Step 3: Pick What to Enrich and Validate

Browse isn’t magic—it needs to know what you care about. For most prospecting, you’ll want to:

  • Enrich missing data: Fill in missing job titles, company domains, or LinkedIn URLs.
  • Validate emails: Check if an email is likely valid, risky, or a dead end.
  • Confirm job and company info: Make sure “Sally Jones, CTO at Acme Corp” actually works there, and that Acme Corp is a real company.

Ignore the noise: Don’t bother enriching every single possible field “just because.” Focus on what you actually need for outreach—usually name, title, company, and email.


Step 4: Let Browse Do Its Thing

When you hit “Go,” here’s what Browse actually does:

  • Searches live web sources: LinkedIn, company websites, and other directories to cross-check info.
  • Flags mismatches: If the person’s email domain doesn’t match their company, or if their title doesn’t show up anywhere, you’ll know.
  • Fills in blanks: Finds missing company domains, LinkedIn profiles, or job titles if they’re available publicly.
  • Checks for obvious fakes: Flags disposable emails, “catch-all” addresses, or records that look auto-generated.
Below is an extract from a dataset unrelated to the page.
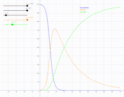 Using a fixed population, in the three functions resolves that the value should remain constant within the simulation, if a simulation is used to solve the SIR model. Alternatively, the analytic approximant[10] can be used without performing a simulation. The model is started with values of , and . These are the number of people in the susceptible, infected and removed categories at time equals zero. If the SIR model is assumed to hold at all times, these initial conditions are not independent.[10] Subsequently, the flow model updates the three variables for every time point with set values for and . The simulation first updates the infected from the susceptible and then the removed category is updated from the infected category for the next time point (t=1). This describes the flow persons between the three categories. During an epidemic the susceptible category is not shifted with this model, changes over the course of the epidemic and so does . These variables determine the length of the epidemic and would have to be updated with each cycle.

What works: Browse is great at catching obvious errors—like someone who left the company years ago, or emails that never existed.

What doesn’t: Don’t expect it to magically find private cellphone numbers, or fix data that doesn’t exist anywhere online. If someone is stealthy or new to their job, no tool can invent that info.


Step 5: Review and Sanity-Check the Results

Browse gives you a cleaned-up spreadsheet (or lets you view results in-app). Here’s how to handle it:

  • Spot the rejects: Browse will flag records it couldn’t validate, or where info didn’t match. Don’t just delete these—sometimes there’s a typo or a legit new hire.
  • Look for patterns: If a whole batch of records from one source is bad, you may want to toss the whole batch.
  • Export your “best” list: Filter for verified emails, matched job titles, and real companies. This is your gold list.

Pro tip: Don’t trust any tool 100%. If a record seems “off” (like a CEO whose LinkedIn says “retired”), double-check before you send that big pitch.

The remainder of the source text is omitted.